Insights into the use of specific metal binding of self-assembling S-layer proteins

Most bacteria and all archaea possess as outermost cell envelope surface-layer (S-layer) proteins. These self-assembling proteins form nanostructured lattices with different symmetries, provide regular arranged pores with defined size and possess different kinds of regular arranged functional groups. The formation of stable and functional S-layer lattices via self-assembly on the cell surface, on different technical surfaces as well as interfaces is a dynamic and complex process. Despite the fact that S-layer proteins have been investigated for over 30 years, the full reaction cascade of self-assembly, which includes the role of different bivalent cations such as Ca2+ and Mg2+, are still not fully understood.
Furthermore, S-layers have a number of important intrinsic properties, e.g. they provide cellular wall protection, mediate selective exchange of molecules and therefore function as molecular sieves. Interestingly, S-layers from bacterial isolates recovered from heavy metal contaminated environments have outstanding metal binding properties and are highly stable. They show potential for selective binding of several metals some of them with high affinity. Therefore, three aspects of the metal-interactions with S-layer proteins must be taken into account.

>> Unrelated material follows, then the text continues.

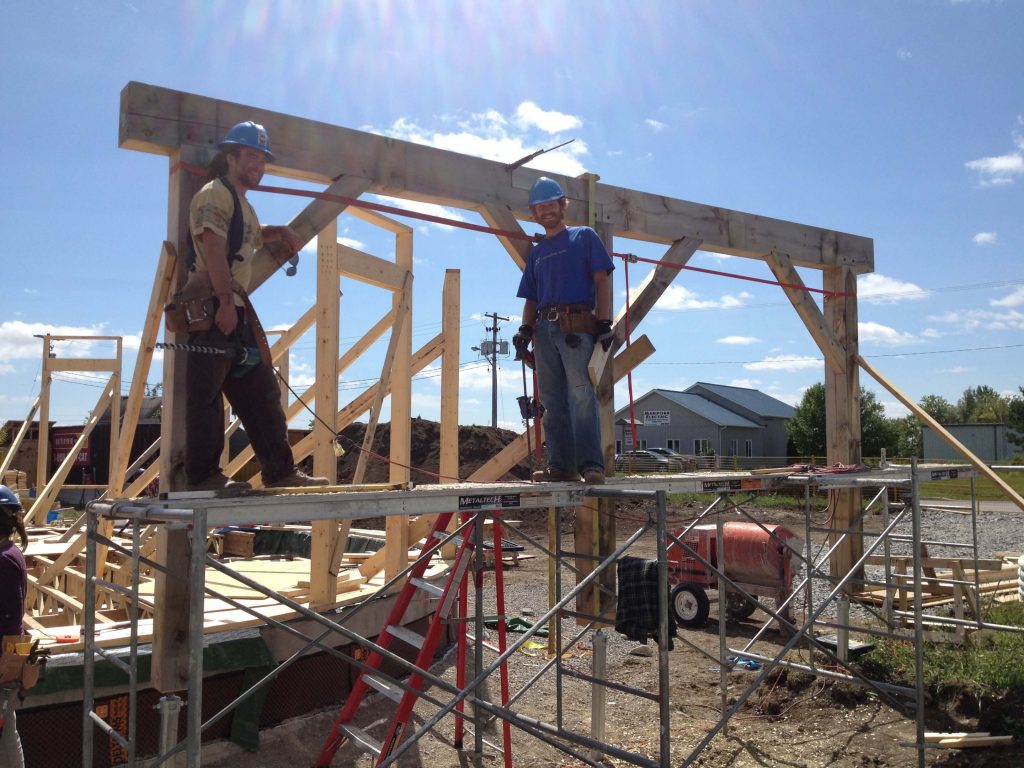 Timber framing is an important building system for any sustainable builders’ palette of options, and we always try to include a timber framing element in our projects so our students can gain some exposure and experience in this time-honoured way of building.

First, S-layers possess different functionalities, e.g. carboxyl-, phosphoryl, hydroxyl groups, binding toxic metals and metalloids, like U and As, unspecifically and by this hinder them to enter the interior of prokaryotic cells. This interaction process is strongly driven by pH-value as the functionalities need to be deprotonated. Second, precious metals like Au and Pd are likewise bound unspecifically to functional groups, but presumably covalently making the binding irreversible unless the S-layer protein is destroyed completely.
Third, some metals are needed for native protein folding of the S-layer protein monomer, self-assembly, and the formation of highly-ordered lattices. These particular metals are bivalent cations such as Ca2+. As known from titration experiments, certain S-layer proteins bind Ca2+ specifically, thereby forming very stable complexes. There are at least two different binding sites for these bivalent cations showing different binding affinities. Important is that these binding sites not only allow selective binding of calcium, but also of chemical-equal elements including the trivalent lanthanides (Eu3+, Tb3+), possessing comparable ionic radii. This was proven by titration and laser fluorescence spectroscopic experiments.
This study shows that the intrinsic properties and physiological functions of the S-layer proteins build the base for its selective metal binding behavior and its potential for fabrication of biohybrid materials. So by combining S-layers with a layer-by-layer technique different materials can be furnished with coatings. The produced biohybrid materials can be directly used as selective metal filter material for the removal or recovery of strategic relevant metals using pH-value as regulating parameter for selective metal binding and also conceivably release.